Johnson meets Trump in Fla. while House swirls in turmoil
PALM BEACH, Fla. — Donald Trump and Speaker Mike Johnson met privately Friday at the ex-president’s Mar-a-Lago club, a rite of passage for the embattled House leader as he positions himself, and his GOP majority, side-by-side with the indicted Republican Party leader ahead of the November election.
The two planned a joint announcement on election integrity that gives voice to unfounded conspiracy theories, but the trip itself is significant for both. Johnson needs Trump to temper hard-line Rep. Marjorie Taylor Greene’s threats to evict him from office. And Trump benefits from the imprimatur of official Washington dashing to Florida to embrace his comeback bid for the White House and his tangled election lies.
“It is the symbolism,” said Charlie Sykes, a conservative commentator and frequent Trump critic.
“There was a time when the Speaker of the House of Representatives was a dominant figure in American politics,” he said. “Look where we are now, where he comes hat in hand to Mar-a-Lago.”
The trip showed the fragility of the speaker’s grip on the gavel, just six months on the job, but also his evolving grasp of the politics of the Trump era as the Republicans in Congress align with the “Make America Great Again” movement powering the former president’s reelection bid.
Trump and Johnson were said to discuss a topic both have embraced as a priority campaign strategy: pummeling President Joe Biden with alarmist language over what Republicans claim is a “migrant invasion.”

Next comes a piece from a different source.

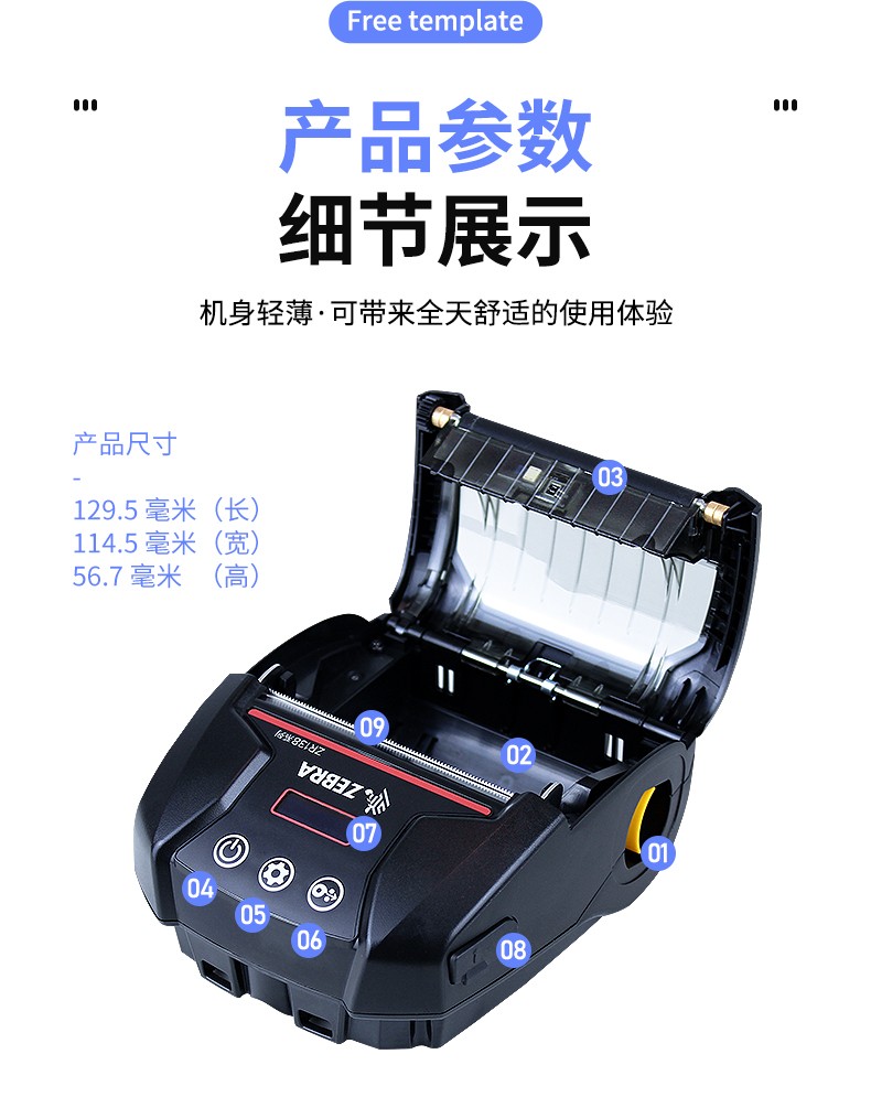 ZEBRA ZR138无线蓝牙移动打印机,相同价位里性价比最高,轻薄、便携,且易于使用。可提高效率,改善工作流。这款经济实惠的打印机可以打印收据和标签。黑白 OLED 显示屏,用户可以看到设置,包括介质状态、蓝牙连接状态和打印浓度,一目了然。可用于超市、食品、要点等行业。

By linking the surge of migrants coming to the U.S. with the upcoming election, Trump and Johnson want to prevent noncitizens from voting — even though it’s already a federal felony for a noncitizen to cast a ballot in a federal election.
In a background paper sent ahead of the meeting, they echoed language from the racist great replacement conspiracy theory to suggest that Biden and
Democrats are engaging in what Trump’s campaign called “a willful and brazen attempt to import millions of new voters.”
Johnson proposed the idea of coming to Mar-aLago weeks before Greene filed her motion to vacate him from the speaker’s office.
The speaker’s own political livelihood depends on support — or at least not opposition — from the “Make America Great Again” Republicans who are aligned with Trump but creating much of the House dysfunction that has ground work to a halt.
Trump urged Republicans to “kill” a national security surveillance bill that Johnson had personally worked to pass, contributing to a sudden defeat that sent the House spiraling this week into crisis.
The legislation was approved Friday in a doover but only after Johnson provided his own vote — a rarity for speakers, who rarely vote in the chamber — before he departed for Florida.
“I can’t imagine President Trump being very happy about that,” Greene said.